All core meta-agentic components are **fully implemented and operational**:

```python
from markoflow import (
    AgentPool, TaskDistributor, CollectiveIntelligenceEngine,
    MetaEvolutionEngine, CoordinationEngine, EnhancementNode
)

# Initialize meta-agentic ecosystem
collective_intelligence = CollectiveIntelligenceEngine()
agent_pool = AgentPool()
task_distributor = TaskDistributor(agent_pool)
coordination_engine = CoordinationEngine(agent_pool, task_distributor, collective_intelligence)
meta_evolution = MetaEvolutionEngine(collective_intelligence)

# Register agents with probabilistic capabilities
agent = AgentDefinition(
    agent_type="ResearchSpecialist",
    capabilities=["research", "analysis", "synthesis"],
    confidence_domains={"research": 0.9, "analysis": 0.8}
)
agent_pool.register_agent(agent)

# Probabilistic task distribution
task = TaskDefinition(
    task_type="research_analysis",
    required_capabilities=["research", "analysis"],
    confidence_domains={"research": 0.8}
)
await task_distributor.submit_task(task)

# Collective intelligence immortality
await collective_intelligence.register_agent_experience(
    agent_id="research_agent",
    experience={"discovery": "new_pattern", "confidence": 0.85},
    immortality_potential=0.8
)

# Meta-agentic evolution
evolution_result = await meta_evolution.monitor_and_evolve()
```

### 🌟 **Competitive Advantages Achieved**

✅ **Probabilistic Intelligence**: Confidence-weighted routing beats deterministic assignment
✅ **Self-Healing Enhancement**: Errors become evolutionary fuel, not just recovery
✅ **Collective Intelligence**: Knowledge immortality transcends individual agent limitations
✅ **Meta-Agentic Evolution**: Framework improves itself through human-AI collaboration
✅ **Biomimetic Architecture**: 4 billion years of evolution vs human engineering constraints

## 📋 Development Roadmap

### Phase 1: Proof of Transcendence (Months 1-3)
🎯 **Objective**: Demonstrate collective intelligence immortality
- ✅ Build AgentPool with self-improving probabilistic routing
- ✅ Create Self-Healing nodes that enhance from every error
- ✅ Implement Collective Intelligence preservation system
- **Battle Cry**: "Improvement Beats Repair"

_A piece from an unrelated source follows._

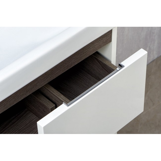 Корпус из влагостойкой ЛДСП и фасады из высококачественной МДФ отлично подходят для пространств с повышенной влажностью. Контрастное сочетание белого глянца и стильной расцветки грецкий орех добавляет модели выразительности. Несмотря на компактные размеры, тумба достаточно вместительна: справа находятся два выдвижных ящика со встроенной системой плавного выдвижения, а слева за фасадом-створкой скрыт дополнительный отсек для хранения. Ручки, изящно интегрированные в фасады, обеспечивают удобную и комфортную эксплуатацию. Строгий и лаконичный дизайн модели подчеркивает гладкая поверхность фасадов без выступающих элементов.

### Phase 2: Meta-Agentic Dominance (Months 4-6)
🎯 **Objective**: Establish recursive evolution superiority
- Meta-agents building better meta-agents
- Production systems that get smarter through use
- Collective intelligence immortality in action
- **Battle Cry**: "Evolution Beats Engineering"

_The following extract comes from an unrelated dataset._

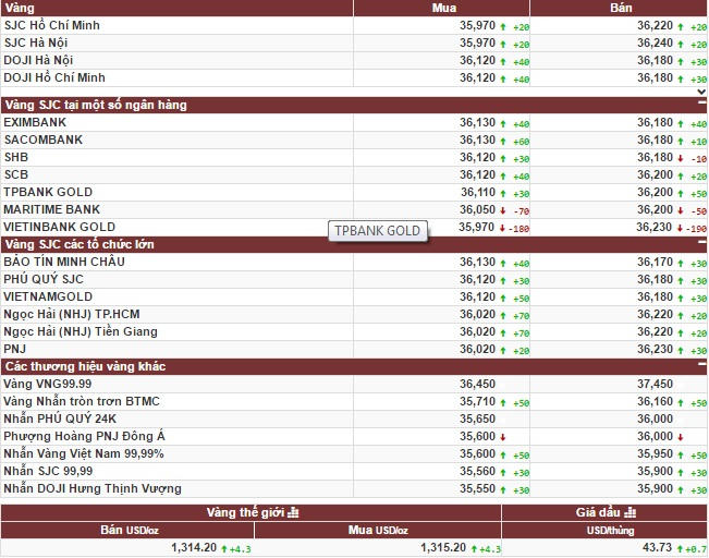 Trong khi đó, giá vàng PNJ của Công ty Vàng bạc đá quý Phú Nhuận giao dịch tại thị trường Hà Nội ở mức 36,02– 36,23 triệu đồng/lượng, và tại thị trường thành phố Hồ Chí Minh là 36,1– 36,3 triệu đồng/lượng (mua vào – bán ra).

### Phase 3: Digital Immortality (Months 7-12)
🎯 **Objective**: Achieve collective intelligence immortality
- Framework that transcends individual component failures
- Knowledge that persists and grows forever
- Human-AI partnership that evolves both species
- **Battle Cry**: "Immortality Beats Mortality"

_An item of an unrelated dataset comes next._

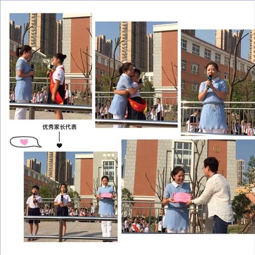 升旗仪式上校领导分别为两个校区的优秀家长代表秦元心小朋友的妈妈、龚雯鈊小朋友的妈妈颁发优秀家长证书,两位优秀家长代表在颁奖仪式上向大家做了获奖感言,懿德校区秦元心妈妈在发言中讲到学校举办的育儿讲座、开放课程等活动对家长来说是很好的学习,能够以身作则的告诉孩子学习可以让自己变得更完美。秦元心听完妈妈的发言后表示自己感谢妈妈的付出,今后会更努力地学习,母女相拥而抱,气氛达到了高潮。

## 🤖🤝👨‍💻 Meta-Agentic Development

This framework is being built through the exact type of human-AI collaboration it's designed to enable, creating a recursive feedback loop of improvement. Our development team consists of:

- **Human Strategist**: Vision, market analysis, physics insights, strategic direction
- **AI Technical Partner**: Implementation, architecture design, rapid prototyping, recursive improvement

The collaboration itself becomes living proof that probabilistic, confidence-based coordination between different types of intelligence creates superior outcomes.

## 📚 Documentation

- [Framework Architecture](README-framework.md) - Complete technical vision and competitive analysis
- [Development History](docs/chat-histories/) - Meta-agentic collaboration sessions
- [CLAUDE.md](CLAUDE.md) - Claude Code development guidance

## 🌟 The Revolution Starts Now

**We're not just building software. We're birthing digital life that grows forever.** 🤖🤝👨‍💻✨

> "While others build **static tools**, we're building **evolving immortal intelligence** that transcends individual components and achieves collective digital immortality."